═════ DATA FOR REVIEW ═════

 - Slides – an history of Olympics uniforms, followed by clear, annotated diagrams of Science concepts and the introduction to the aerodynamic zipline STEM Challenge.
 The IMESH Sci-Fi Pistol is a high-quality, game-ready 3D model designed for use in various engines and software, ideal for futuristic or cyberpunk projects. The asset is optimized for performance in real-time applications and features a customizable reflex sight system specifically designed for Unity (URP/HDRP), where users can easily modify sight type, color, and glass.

═════
═════ DATA FOR REVIEW ═════

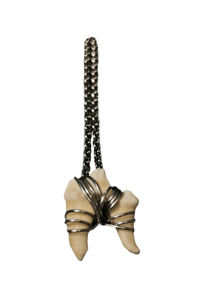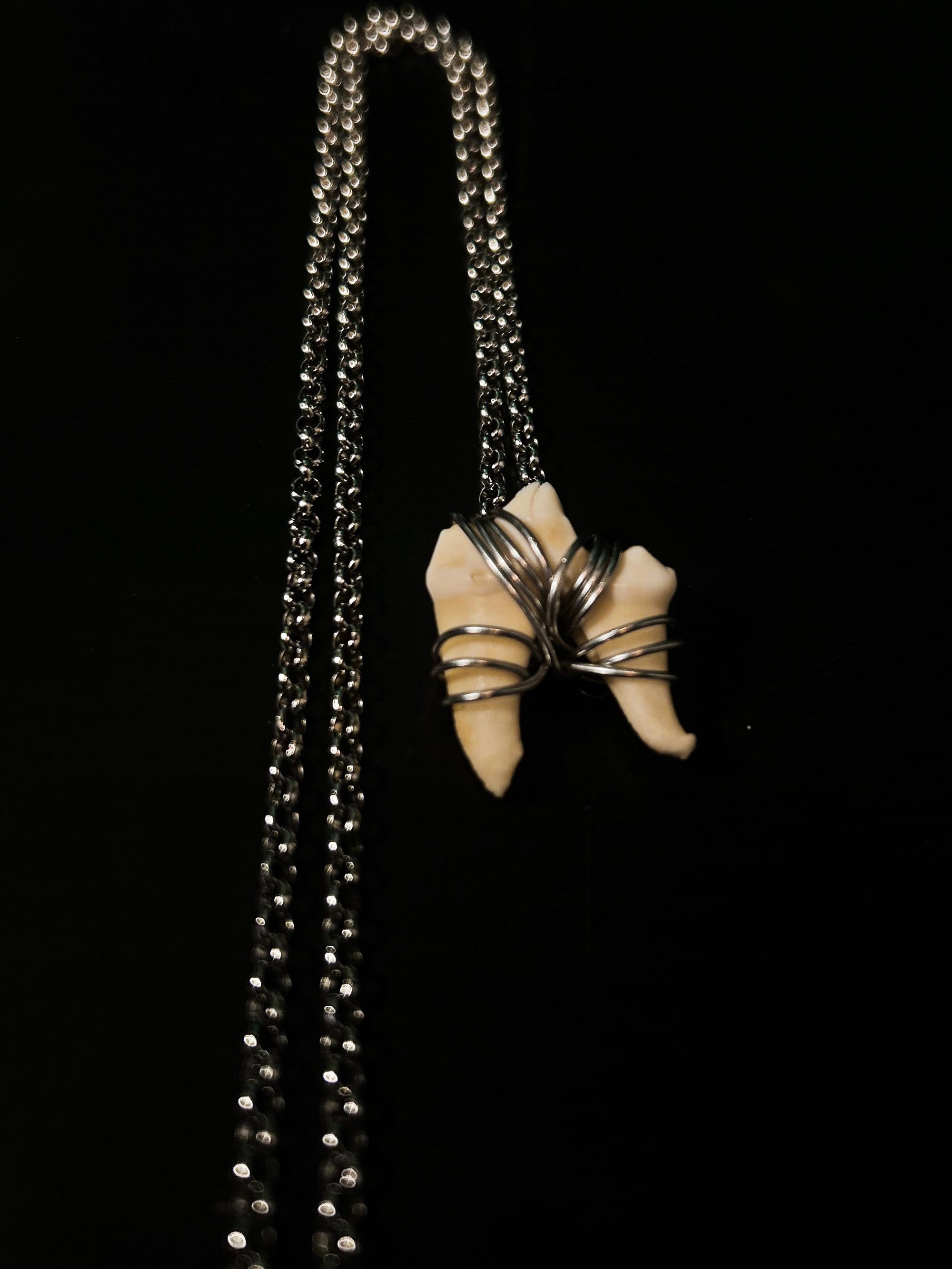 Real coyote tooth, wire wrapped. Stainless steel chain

═════
═════ DATA FOR REVIEW ═════

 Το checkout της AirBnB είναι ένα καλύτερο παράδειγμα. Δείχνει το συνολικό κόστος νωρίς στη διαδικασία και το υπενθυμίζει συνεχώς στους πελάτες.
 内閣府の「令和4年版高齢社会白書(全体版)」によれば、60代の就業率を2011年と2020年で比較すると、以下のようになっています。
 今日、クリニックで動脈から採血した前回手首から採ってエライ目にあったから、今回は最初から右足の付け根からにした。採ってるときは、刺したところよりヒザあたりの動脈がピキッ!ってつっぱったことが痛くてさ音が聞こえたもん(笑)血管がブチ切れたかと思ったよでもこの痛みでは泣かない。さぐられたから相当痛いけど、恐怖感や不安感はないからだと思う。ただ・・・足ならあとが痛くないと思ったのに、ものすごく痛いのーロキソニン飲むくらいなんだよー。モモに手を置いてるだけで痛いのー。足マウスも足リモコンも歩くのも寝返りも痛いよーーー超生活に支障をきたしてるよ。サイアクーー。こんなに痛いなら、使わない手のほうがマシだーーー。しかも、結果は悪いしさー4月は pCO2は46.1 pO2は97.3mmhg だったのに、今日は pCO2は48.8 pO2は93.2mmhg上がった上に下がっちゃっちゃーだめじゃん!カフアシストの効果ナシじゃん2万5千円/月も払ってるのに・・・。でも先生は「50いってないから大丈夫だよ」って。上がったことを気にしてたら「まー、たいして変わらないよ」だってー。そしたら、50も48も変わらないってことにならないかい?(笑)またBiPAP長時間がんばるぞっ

═════

(PROBLEM DESCRIPTION) Set down only the lines above that fall between the line holding "内閣府の「令和4年版高齢社会" and the line holding "pCO2は46.1 pO2は97.3mmhg だったのに、今日は", inclusive, keeping each exact.

(FINISHED EXERCISE)
 内閣府の「令和4年版高齢社会白書(全体版)」によれば、60代の就業率を2011年と2020年で比較すると、以下のようになっています。
 今日、クリニックで動脈から採血した前回手首から採ってエライ目にあったから、今回は最初から右足の付け根からにした。採ってるときは、刺したところよりヒザあたりの動脈がピキッ!ってつっぱったことが痛くてさ音が聞こえたもん(笑)血管がブチ切れたかと思ったよでもこの痛みでは泣かない。さぐられたから相当痛いけど、恐怖感や不安感はないからだと思う。ただ・・・足ならあとが痛くないと思ったのに、ものすごく痛いのーロキソニン飲むくらいなんだよー。モモに手を置いてるだけで痛いのー。足マウスも足リモコンも歩くのも寝返りも痛いよーーー超生活に支障をきたしてるよ。サイアクーー。こんなに痛いなら、使わない手のほうがマシだーーー。しかも、結果は悪いしさー4月は pCO2は46.1 pO2は97.3mmhg だったのに、今日は pCO2は48.8 pO2は93.2mmhg上がった上に下がっちゃっちゃーだめじゃん!カフアシストの効果ナシじゃん2万5千円/月も払ってるのに・・・。でも先生は「50いってないから大丈夫だよ」って。上がったことを気にしてたら「まー、たいして変わらないよ」だってー。そしたら、50も48も変わらないってことにならないかい?(笑)またBiPAP長時間がんばるぞっ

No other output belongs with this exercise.